One of our earliest lessons in Christian Science is that the woes of men are the result of forgetting God. (Psalm 9:17.) The seeming lapse from spiritual consciousness, termed mortality, is "the Adam-dream" ( Science and Health, p. 306), the dark, delusive dream of matter, which enfolds all discord. Forgetfulness of God, good, is the opportunity through which evil suggestions enter thought and govern us. Our weak yieldings to temptation, our beliefs that evil thought and will can rule ourselves and others, would be impossible if we always remembered that God is all, and therefore the governing Mind of all men, the intelligence so absolutely good as to hold no thought of evil, and yet that knows all there is to know. This constant remembrance is not only possible for every man but is his necessity, that he may fulfil the purpose of his being, the expression of good.

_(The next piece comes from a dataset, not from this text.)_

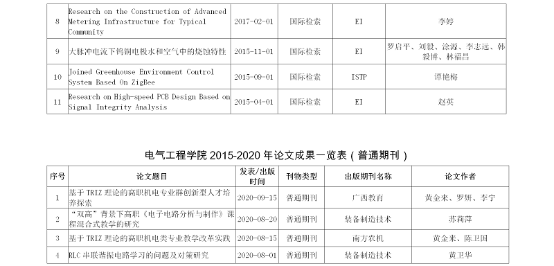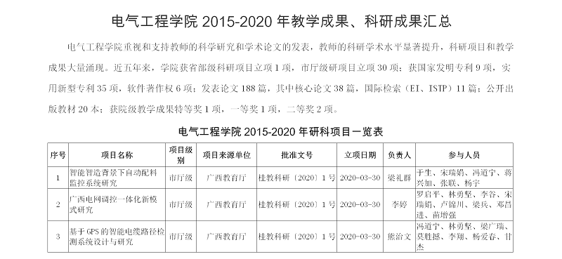 电气工程学院2015-2020年教学成果、科研成果汇总

There is no intermediate ground between the real and the unreal. To be unmindful or unconscious of good is to be necessarily mindful or conscious of evil, and in that period evil becomes more than a supposition to us, for it has replaced God in our thoughts, and we may be lured by its mirage into any of its false conditions. Forgetfulness of God's infinitude is the danger-point for all mortals, since it is a state of oblivion towards good; and dark and dreadful may be the dreams of that unholy sleep.

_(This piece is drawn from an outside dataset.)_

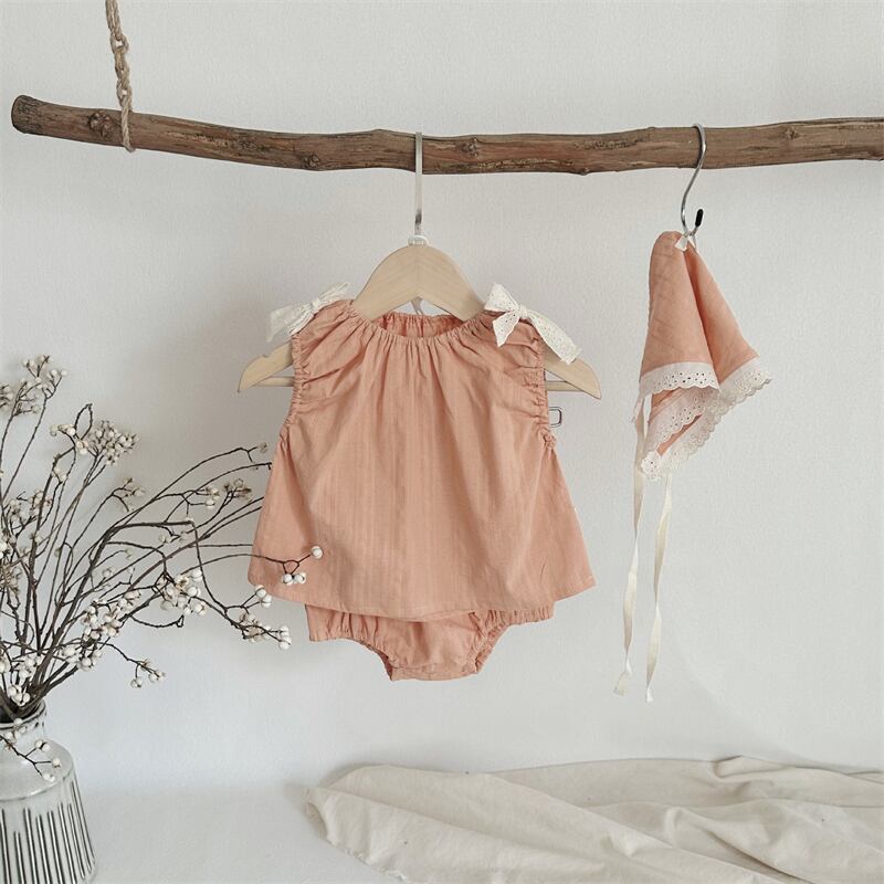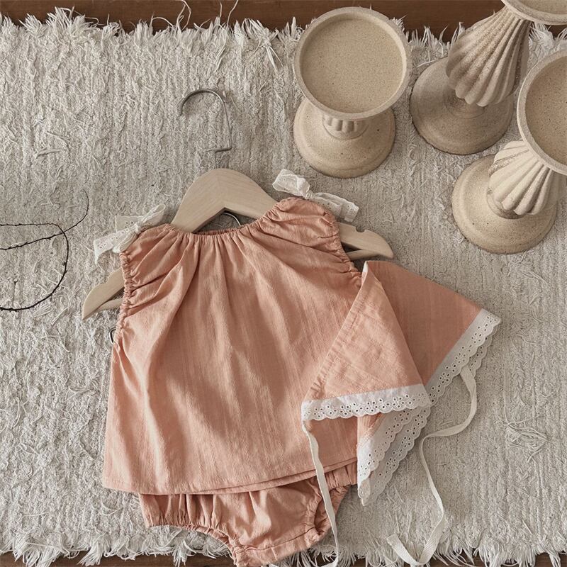 【海外からの取り寄せ】2024夏新作 ベビー服 女の子 セットアップ ベスト&ブルマー&ロボンネット 可愛い おしゃれ 子供服 #[ckd1093534_18700]【送料込み】【250430】

No one could hate his brother or harm him, even in thought, if he remembered that God is always Love, and that we all have one Father. The absolute perfection of God as the author and supporter of all that is real, throws back upon mortals their every "idle word," their wicked thoughts and deeds. The fact of Love's infinitude, and the consequent nonentity of hate and evil, is the nemesis that pursues every iniquity, every wrong, every unloving thought, to their destruction, consuming them in the fire of their own falsity. If we forget that "infinite Love is reflected in love" (Science and Health, p. 17), let us not complain of the sharp awakening that may follow.

The constant remembrance of God that is scientific and Christian is something more than the mere thinking about Him; it is the recognition of His supremacy in the hour of our temptation to be sick or sinful; the remembrance that God's kingdom is within us and is not shared with either sin or sickness. Constantly to bear in mind the utter impossibility of such an anomaly as a good God and bad man, or that effects are not governed by their cause, will nullify the claim that the divine order is reversed, and unfold to human consciousness the co-existence of perfect Principle and idea as constituting the totality of being.

To him who holds the sense of a personal or corporeal Deity it may seem impracticable to retain God constantly in thought, for it would be as hard to be always mindful of a personal God as a personal man. To such concepts the divine ever-presence and omniscience can mean little more than a sort of extended telepathy. But when we realize that God is universal, infinite good, Life, Truth, Love, the divine Principle that is infinitely more than person; when we remember that He is the Principle which is manifest in honesty, gentleness, goodness, loyalty, kindness, and love, we can understand how a constant remembrance of God is possible in every walk and work of human life. The merchant who is honest and upright in his dealings, who feels that he is buying and selling with brothers and not with competitors; or the working man who keeps his thought kindly and pure in the midst of his toil, with every condition and experience in which men and women are placed, they are remembering God in the proportion of their Godlikeness in thought and act.

Man's only safeguard from evil is the fact of good, the all-inclusiveness of divine Principle and idea. But we must be ever mindful of this fact to realize its protection. Our daily struggle with the world, the flesh, and all the subtleties of evil, should keep us awake and watchful lest we forget, even for a moment, that God is All in all.